++++ The data
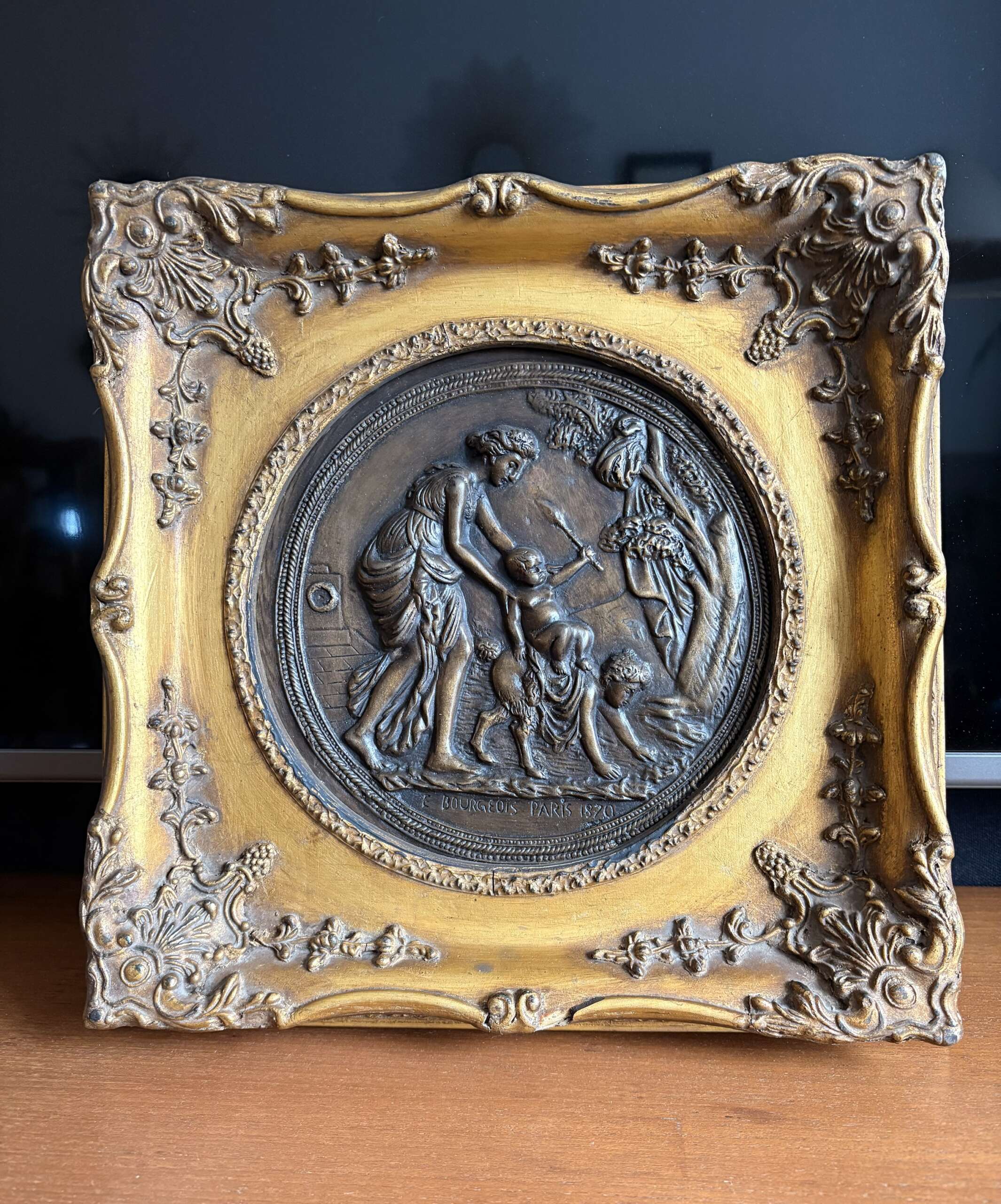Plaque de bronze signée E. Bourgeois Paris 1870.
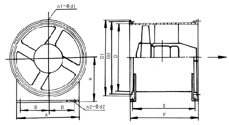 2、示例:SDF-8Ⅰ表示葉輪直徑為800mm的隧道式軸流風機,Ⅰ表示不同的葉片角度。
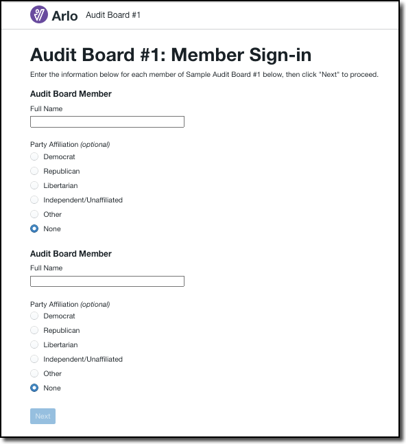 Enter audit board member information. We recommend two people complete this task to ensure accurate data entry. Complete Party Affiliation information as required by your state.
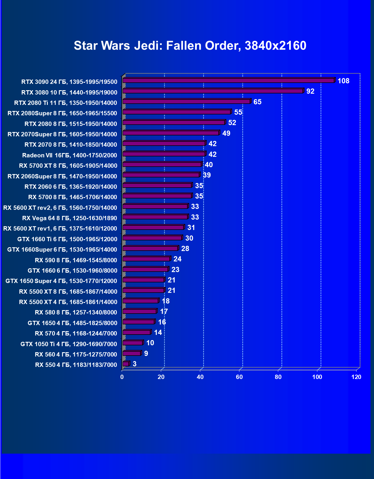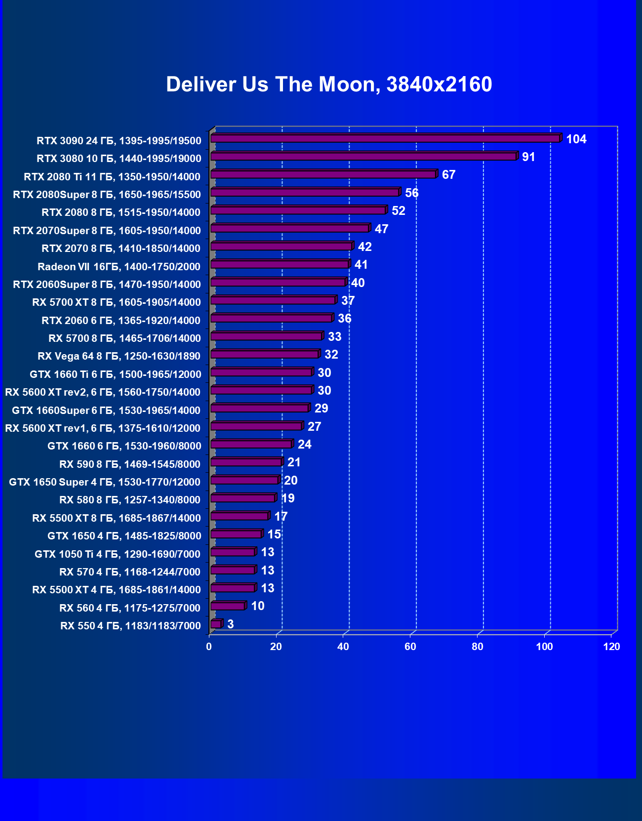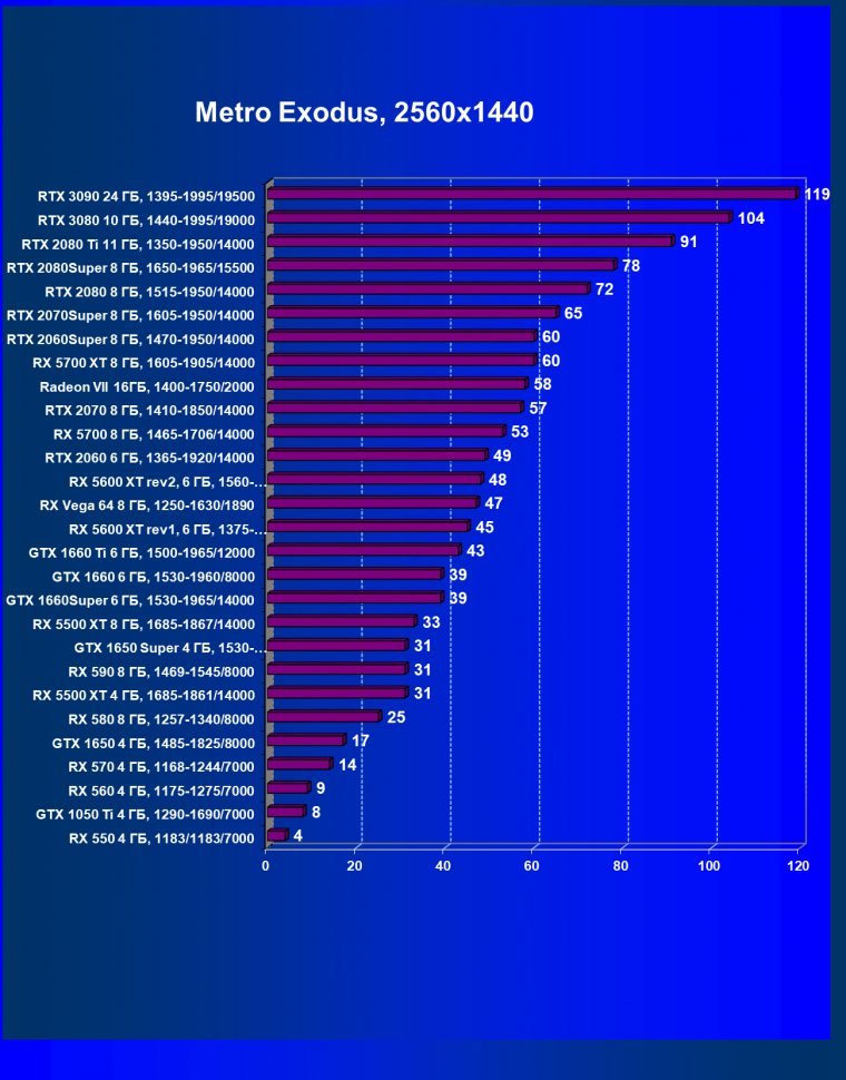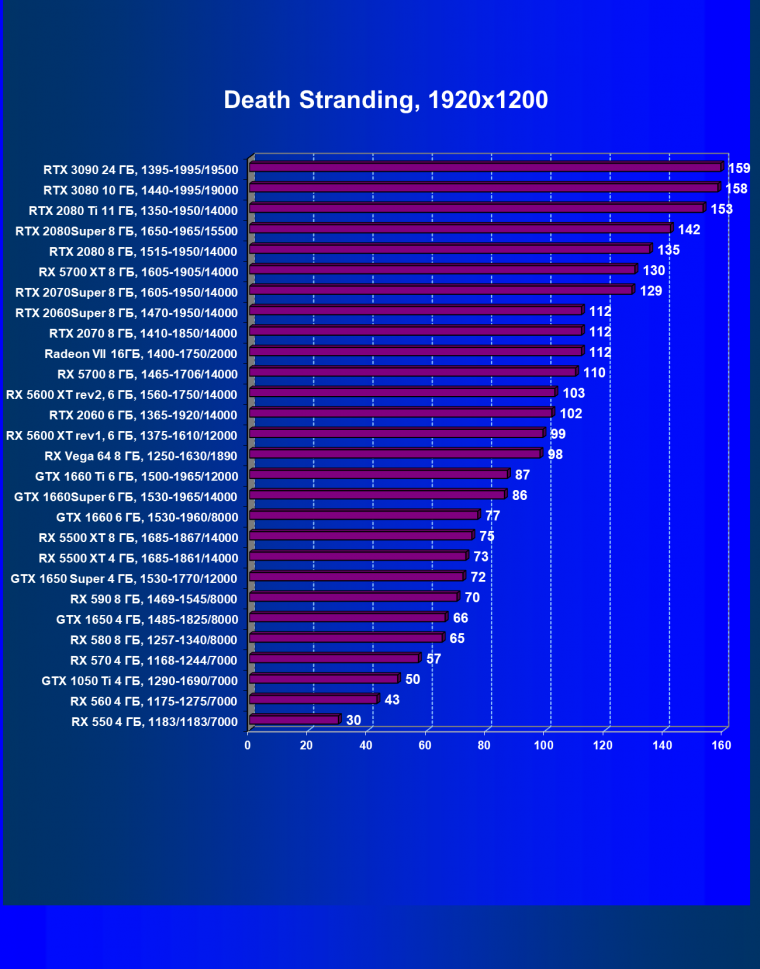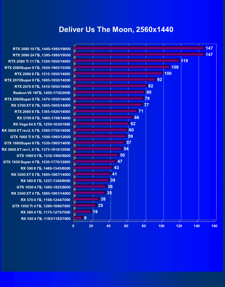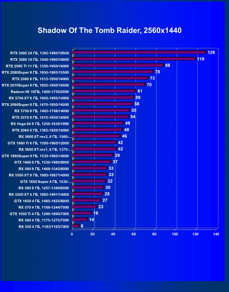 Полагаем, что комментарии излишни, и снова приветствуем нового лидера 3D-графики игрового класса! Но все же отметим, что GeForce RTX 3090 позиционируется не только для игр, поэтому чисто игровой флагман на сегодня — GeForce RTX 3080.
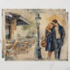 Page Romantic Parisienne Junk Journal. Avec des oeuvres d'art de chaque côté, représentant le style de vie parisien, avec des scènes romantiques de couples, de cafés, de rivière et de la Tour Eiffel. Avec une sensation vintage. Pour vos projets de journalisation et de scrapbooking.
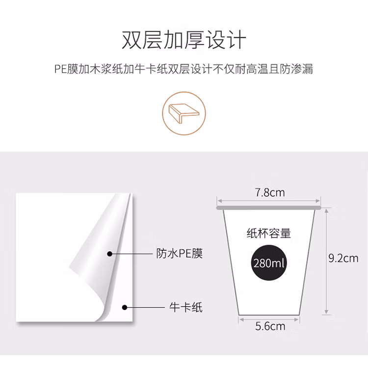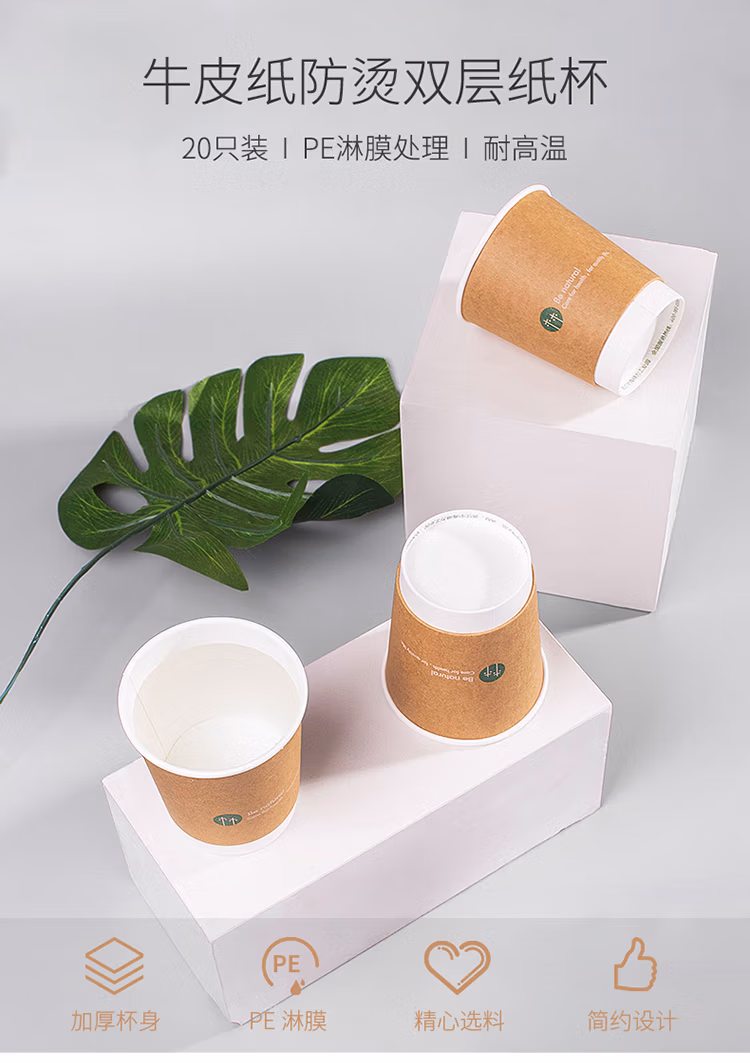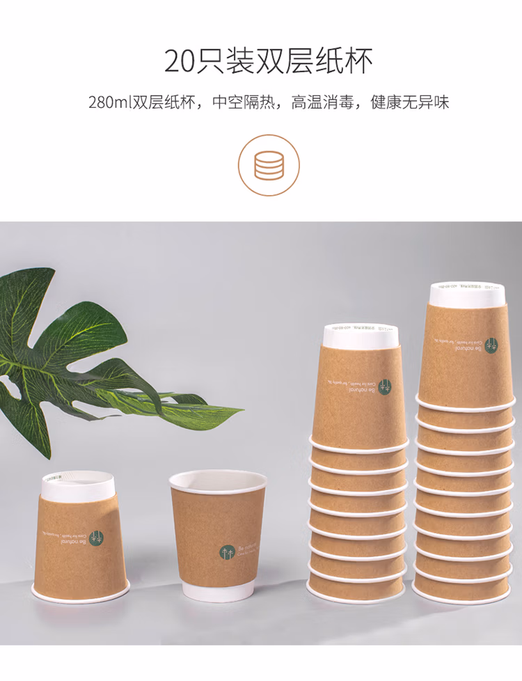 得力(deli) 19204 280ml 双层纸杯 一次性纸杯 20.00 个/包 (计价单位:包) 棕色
++++++++
A word-for-word copy of all the records above is required, with the pictures left out.

• **Finished exercise**
Plaque de bronze signée E. Bourgeois Paris 1870.
 2、示例:SDF-8Ⅰ表示葉輪直徑為800mm的隧道式軸流風機,Ⅰ表示不同的葉片角度。
 Enter audit board member information. We recommend two people complete this task to ensure accurate data entry. Complete Party Affiliation information as required by your state.
 Полагаем, что комментарии излишни, и снова приветствуем нового лидера 3D-графики игрового класса! Но все же отметим, что GeForce RTX 3090 позиционируется не только для игр, поэтому чисто игровой флагман на сегодня — GeForce RTX 3080.
 Page Romantic Parisienne Junk Journal. Avec des oeuvres d'art de chaque côté, représentant le style de vie parisien, avec des scènes romantiques de couples, de cafés, de rivière et de la Tour Eiffel. Avec une sensation vintage. Pour vos projets de journalisation et de scrapbooking.
 得力(deli) 19204 280ml 双层纸杯 一次性纸杯 20.00 个/包 (计价单位:包) 棕色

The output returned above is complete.